Estas fueron las preguntas que tuvo que responder una y otra vez. Se sintió como un superviviente de un tiroteo escolar obligado a responder a las preguntas más tontas que la mente de un periodista pudiera inventar para aumentar su audiencia.

La velada fue tan larga y aburrida que Lith deseaba nunca más asistir a un evento así.

‘Preferiría trabajar toda la noche como secretario en la Asociación.’ pensó mientras charlaba con los estudiantes de las otras academias.

Sólo cuando comenzó la música, Lith logró huir con la excusa de bailar. Odiaba bailar, pero se había preparado para ello con Phloria desde el cuarto año. Para conseguir lo que quería, Lith tenía que jugar según las reglas. Al menos tenía que parecer así.

Lith había investigado el pasado de Nalear. A pesar de ser un Despertado talentoso y no tener vínculos después de haber abandonado a su familia, no pudo ni siquiera convertirse en un noble influyente. El Reino Griffon, incluso con todos sus defectos, era demasiado grande para enfrentarlo solo.

Bailó con Phloria primero y luego con otras damas nobles, tratando de establecer su valía como conexiones. Solus anotaría sus nombres, títulos y todo lo relevante que dijeran. Lo cual generalmente no era mucho.

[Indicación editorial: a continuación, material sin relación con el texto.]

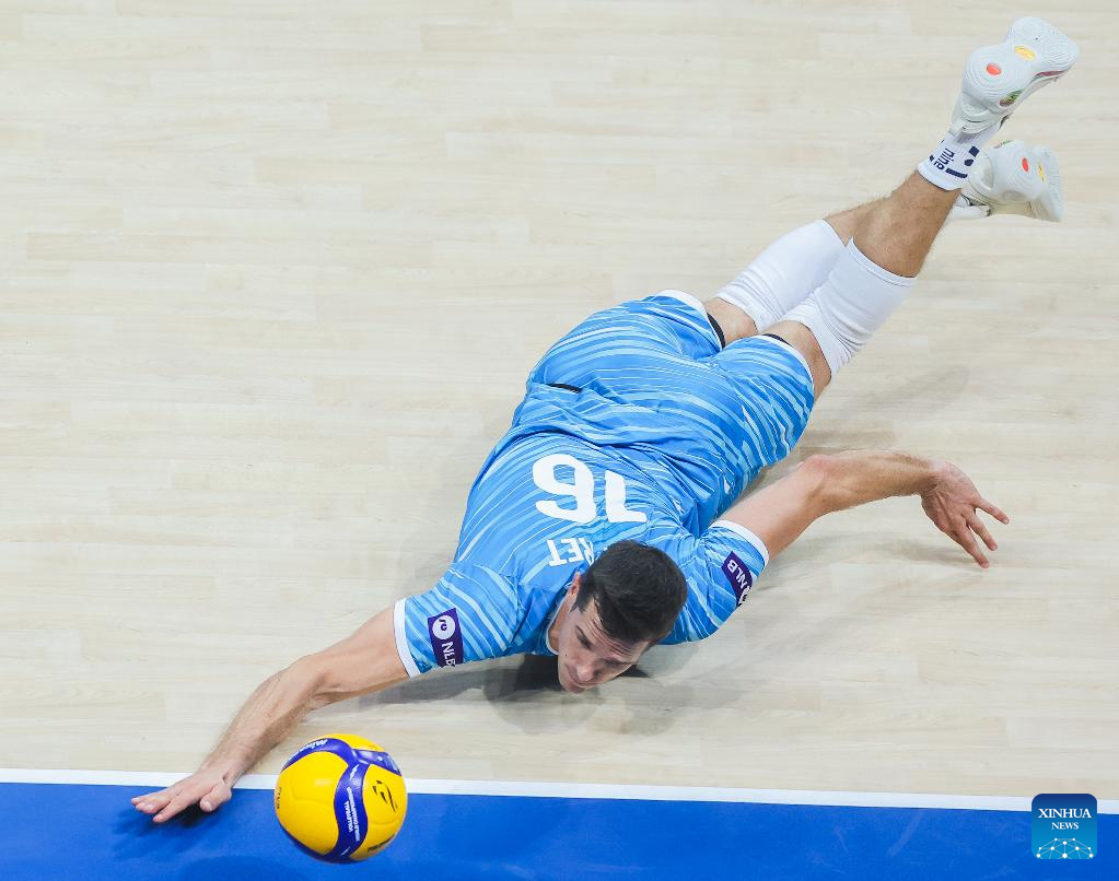 Grega Okroglic of Slovenia competes during the round of 16 match between the United States and Slovenia at the FIVB Men's World Championship 2025 in Pasay City, the Philippines, Sept. 22, 2025. (Xinhua/Rouelle Umali)

Después de un rato, Lith tomó un par de copas y se dirigió a un balcón con Phloria para tomar aire fresco. Ella parecía estar más molesta que él, si no incluso triste. El instinto de Lith levantó otra bandera, esta vez demasiado grande para ignorar.

—Anímate. Esta pesadilla no durará mucho. En el peor de los casos, estaremos de regreso a casa en dos horas más. —Dijo.

—Lo siento. —Lith conocía lo suficiente a Phloria como para saber que, de lo que fuera que estuviera hablando, lo decía en serio.

—¿De qué te disculpas?

—Quería esperar hasta que la gala terminara antes de contártelo, pero no quiero que nuestra última memoria juntos sea una discusión. —Su voz estaba triste. Sólo después de tomar un respiro profundo, pudo mirar a Lith a los ojos.

—Está bien, ¿de qué diablos estás hablando? —Tocó el brazo de ella mientras activaba la revitalización. Estaba en perfecto estado, como la última vez que lo revisó. Sus impurezas estaban aún tan lejos de su núcleo que era imposible que se hubiera Despertado y que los reales la hubieran convertido en algún tipo de arma secreta.

—Terminamos con la academia. En menos de dos días me voy de regreso a casa. Después de eso, comenzaré el entrenamiento militar obligatorio. Durará seis meses sin descansos ni permisos. Luego seré enviada a donde hagan falta mis talentos.

—No sé cuánto tiempo me llevará unirme a la Guardia de Caballeros. No sería justo para ti pretender que las cosas van a seguir igual. Creo que es mejor que terminemos antes de que abandone la academia.—
Lith se quedó sin palabras, sintiendo como si le hubieran arrancado un trozo enorme de su corazón.